Fleeing Boston, mail order bride Madeline Barstow hopes that her husband-to-be will provide her a comfortable, respectable life, far away from the prying eyes and gossip of her socialite peers. But when she steps off the train in Helena, Montana, she is disheartened to find a stranger waiting for her instead of her fiancé.
Widower Clay Porter is tired of the constant attempts of his family and friends to match him up. He wants only to be left alone, and spends his days off transporting cargo and passengers to earn money so he can someday buy the butcher shop he works in. But when he realizes the woman he's transporting to Croft Ranch is completely in the dark about her fiancé's character, he finds himself risking his own dream—and even his life—to persuade the uppity woman that she's making a mistake.
Note: Mail Order Regrets is a sweet romance novel of 74,739 words, but is not a Christian inspirational romance. There is no religious theme, and while there are also no sex scenes, there are kissing scenes, and some allusions to sexual tension.
The sky was obscured by the clouds, and the last bit of light was fading as Clay guided the sleigh off the main road and down a long trail to a small cabin nestled in the foothills.
“We’ll rest here a while before we go on?” Madeline asked, pulling down the furs and blankets from her face.
He brought the horses to a stop in front of the door. "No. We’re not going to make it tonight. We’ll have to stay here.”
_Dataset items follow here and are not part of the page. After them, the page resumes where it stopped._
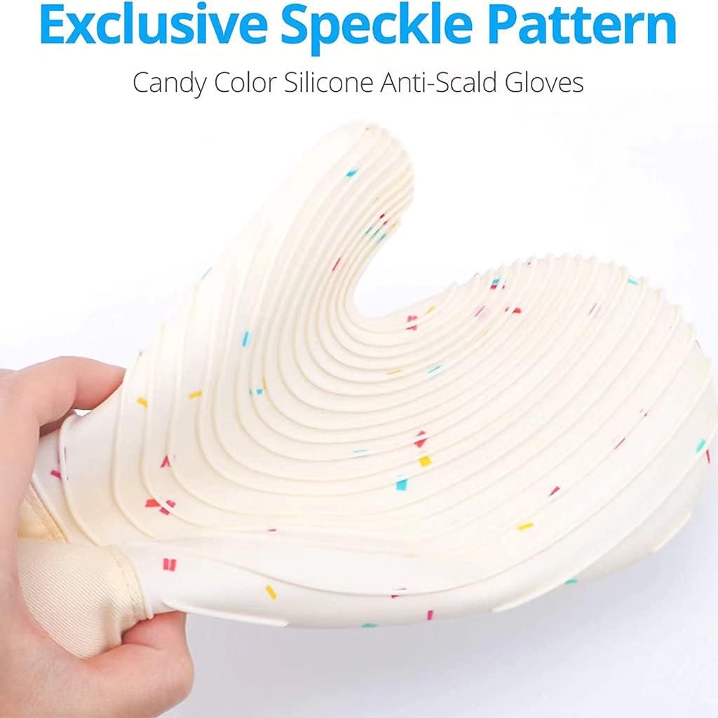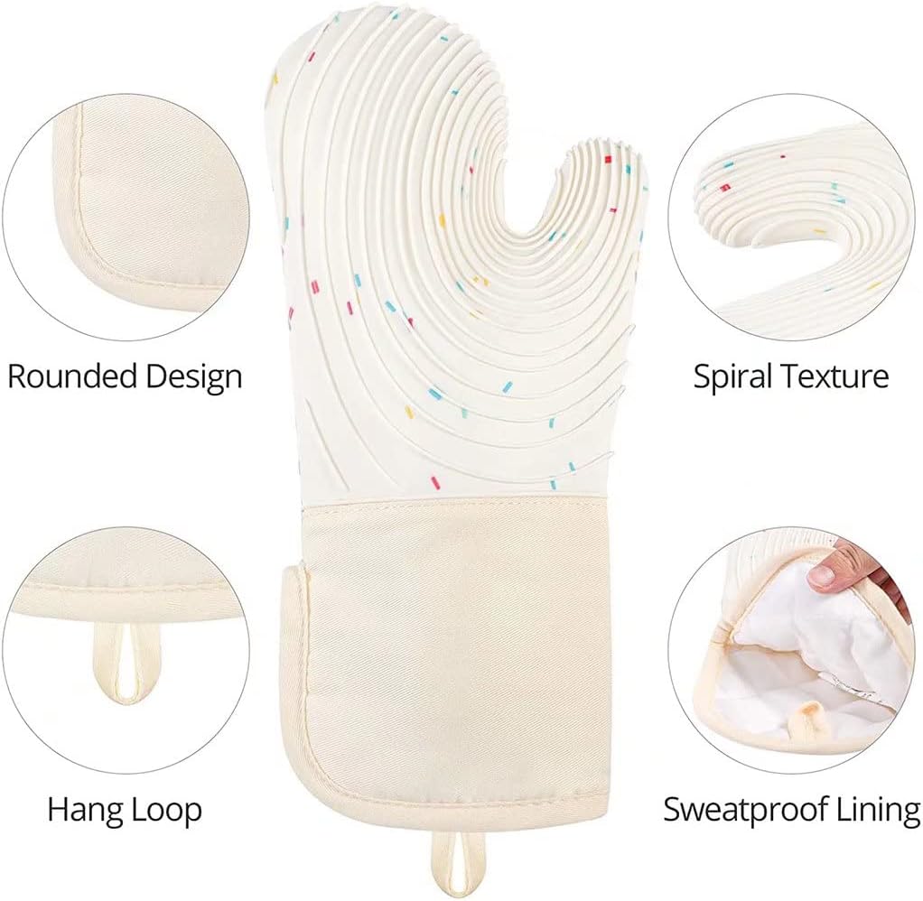 Features: The oven mitts are made from BPA-free food-grade silicone and come in a unique candy-colored design. It's the perfect combination of durability and artistry. The extended length of 13.3 inches (about 34 cm) provides better protection for fingers, hands and wrists from possible burns and also makes this glove very easy to put on and take off. Anti-slip spiral texture provides more stable control. A comfortable soft cotton lining layer provides extra heat protection and non-slip grip while cooking or baking. The silicone part is stain-resistant and easy to clean. Daily laundering or machine cleaning will not tear, thin or wear this glove. Hanging loops allow you to conveniently store gloves. Specification: Product name: Silicone insulated gloves. Material: Food grade silicone + cotton. Temperature resistance: -40°C-230°C. Product size: 34*18*2cm. Weight: 130g for a single glove. Note: All dimensions of the product are measured by hand, but please note that there is a certain error, but it does not affect the use. Due to the difference in shooting light and display, there may be slight color difference, please refer to the actual product. Made of cloth material which does not waterproof. Keep away from open flames and burning materials. Buy with confidence: We offer 24-hour friendly email customer service. If you have any questions, please contact us. We will provide you with the best solution as soon as possible.
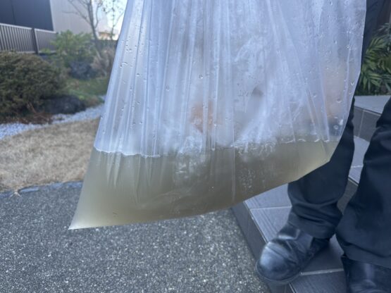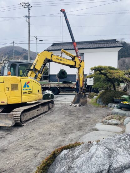 グランドで使用していた人工芝なので分厚く、2m×10mのロール状になっていて、人の手ではびくともしないので重機を使用しました。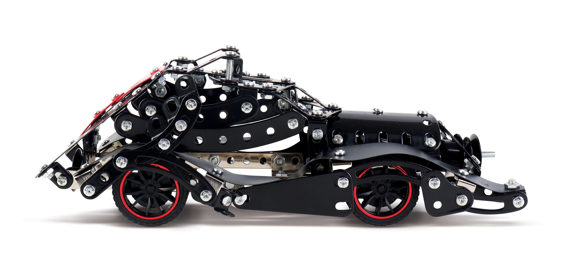 Unleash your inner hero with the Cape Crusaders Car Metal Construction Set. This dynamic set lets you build a sleek, crime-fighting vehicle inspired by the world of superheroes. In the superhero underworld, the vehicle combines cutting-edge performance technology with prototype military-grade equipment used by its hero to fight against crime.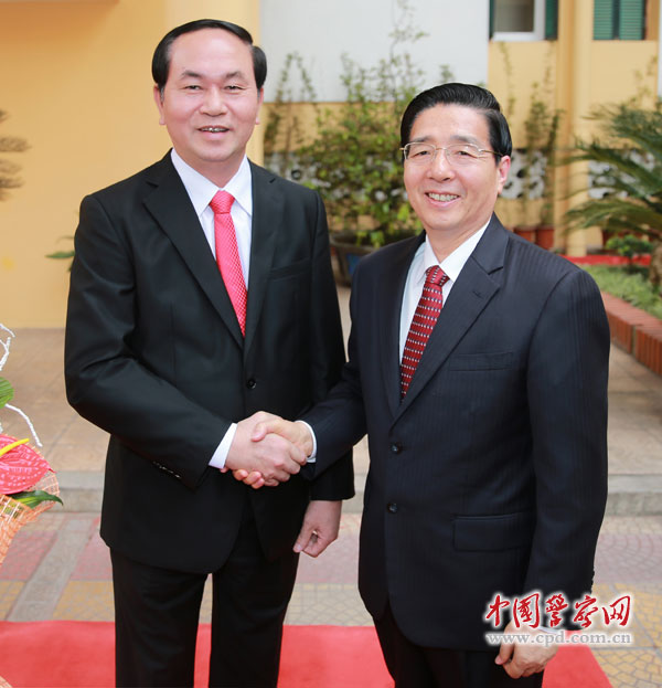 中国警察网河内4月17日电 记者周栋梁报道:正在越南访问的国务委员、公安部部长郭声琨16日在河内与越共中央政治局委员、公安部部长陈大光举行会谈。 郭声琨说,今年是中越建交65周年,中方愿与越方认真落实习近平总书记同阮富仲总书记日前在北京举行会谈时达成的重要共识,加强务实合作,办好建交65周年庆祝活动,共同推动中越全面战略合作伙伴关系持续健康稳定发展。 郭声琨表示,中越执法安全合作是两国关系的重要组成部分。近年来,两国公安部门积极发挥部门间定期会晤机制作用,在禁毒、反拐、打击电信诈骗等领域全面开展了务实良好合作。希望双方在继续巩固传统领域合作势头的基础上,不断创新合作模式,进一步丰富合作内涵、提升合作层次,共同维护两国和地区安全稳定,造福两国人民。 陈大光表示,越方一贯重视越中两党和两国人民的传统友谊和合作,愿不断推动双边关系蓬勃发展。良好的执法安全合作符合两党和两国人民的根本利益,越南公安部愿与中方共同努力,推动两国执法安全合作不断迈上新台阶。 会谈后,郭声琨和陈大光出席了有关合作文件签字仪式。 中国驻越南大使洪小勇、外交部副部长程国平、公安部副部长李伟、国家安全部副部长董海舟参加会谈。 |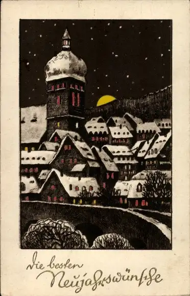 Ak Glückwunsch Neujahr, Häuser, Turm, Brücke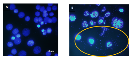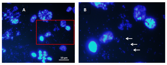 Figure 2 Doble minutes (DMs) in interphase célls: A) Panoramic view of nuclei brilliantly stained with Hoechst 33258. Note the small opaque spheres around the nuclei that are in pairs. B) field extension. White arrows indicate doble minute chromosomes. 1000x.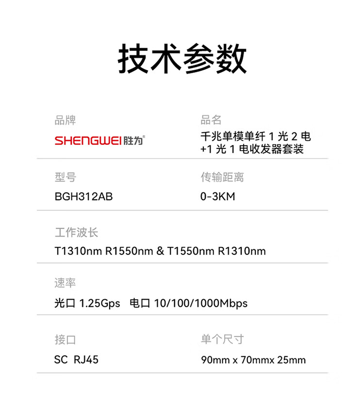 • 商品名称:胜为 千兆迷你款一光二电光纤收发器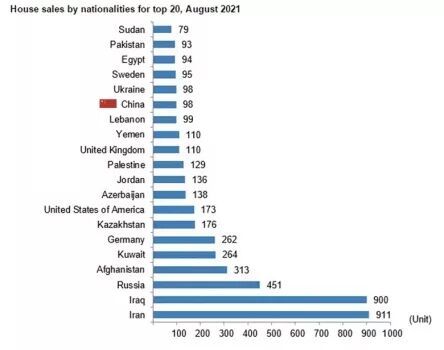 從國家來看:除了中東的投資客外,還有來自俄羅斯、德國、美國、英國、英國、瑞典的買家,中國投資者共購買了98套房產,位第十五位。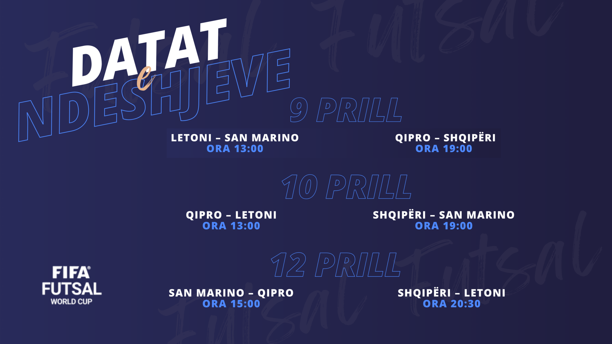 Kombëtarja shqiptare e futsallit do të nisë të enjten rrugëtimin në raundin paraeliminator të Grupit E të FIFA Futsal World Cup 2028, ku do të përballet me Qipron, Letoninë dhe San Marinon. Të gjitha ndeshjet e këtij grupi do të zhvillohen në Parkun Olimpik të Tiranës, nën organizimin e Federatës Shqiptare të Futbollit.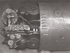 El segundo método fue el motor eléctrico G7e. Su ventaja principal era que no dejaba un rastro de burbujas como el G7a. La batería que alimentaba al motor de corriente continua, medía 2.8 metros y pesaba 711Kg. En ambos sistemas de propulsión (G7a y G7e), el motor movía un eje en el que iban montadas dos hélices contrarrotantes. |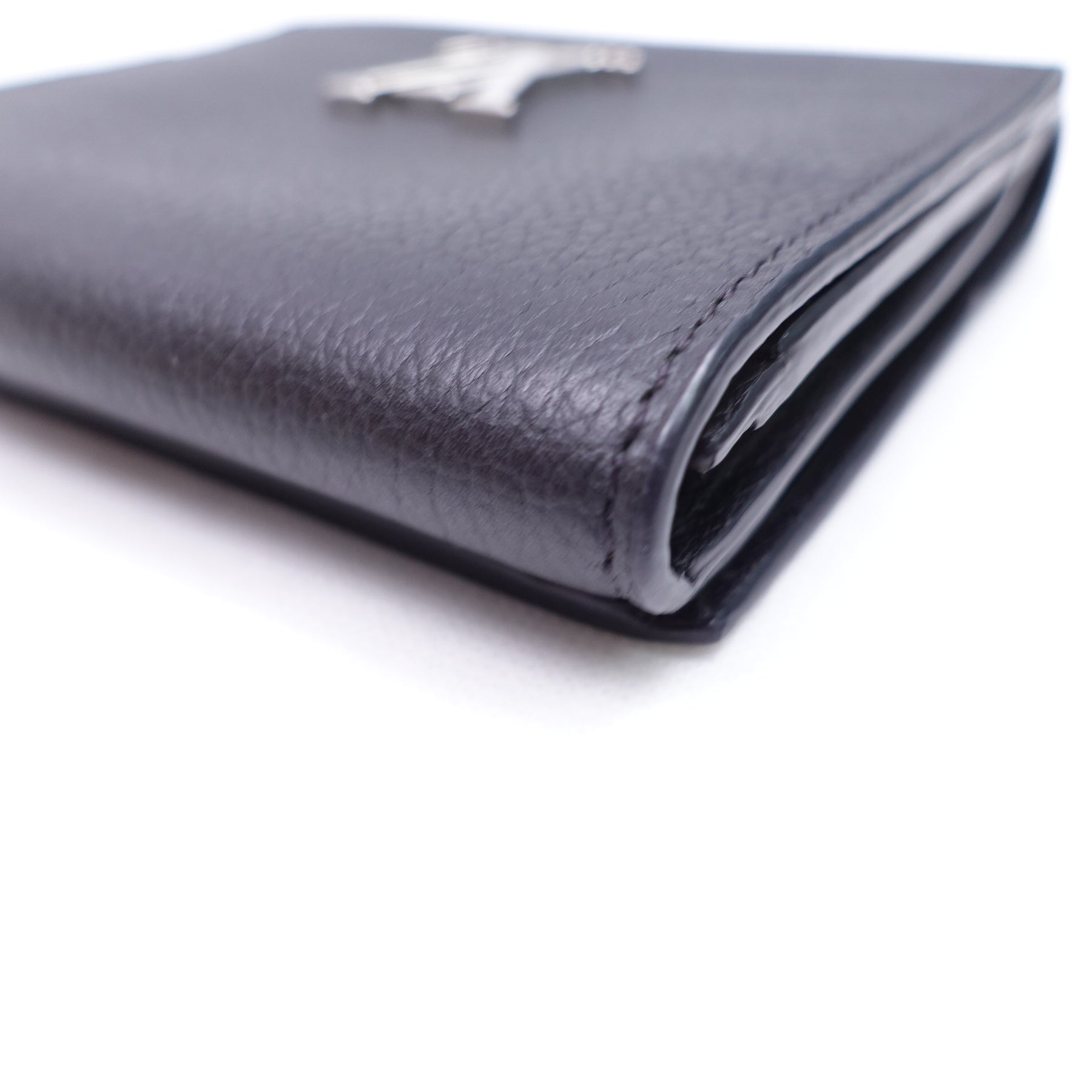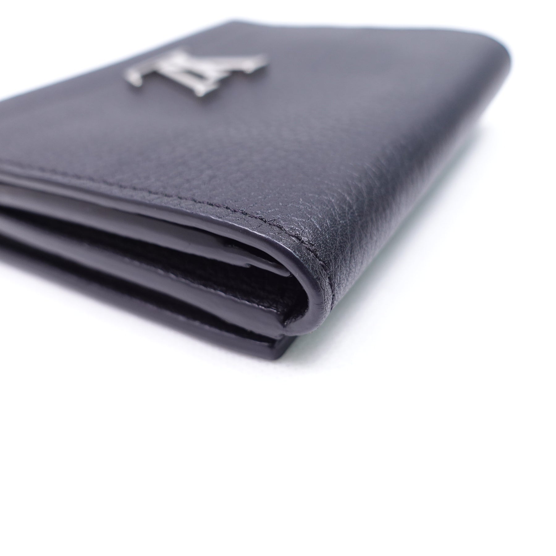 Pre-Owned Louis Vuitton Capucines Black Calfskin Short Wallet

“You can’t mean that.” She clutched the furs to her bosom. “You said we’d take shelter—not sleep here!”
He hopped out and started unhitching the horses. “I do. It’s another two hours to my sister’s place, and the visibility is only getting worse. There’s nowhere decent between here and my sister’s house to take shelter. This is it. We’re lucky I found it—I almost missed the turn-off.”
“But—but—” she stammered, “there’s no one else here.”
“And we’re lucky for that. There are only accommodations for two here. Assuming someone hasn’t made off with one of the two chairs that were here last time, that is.”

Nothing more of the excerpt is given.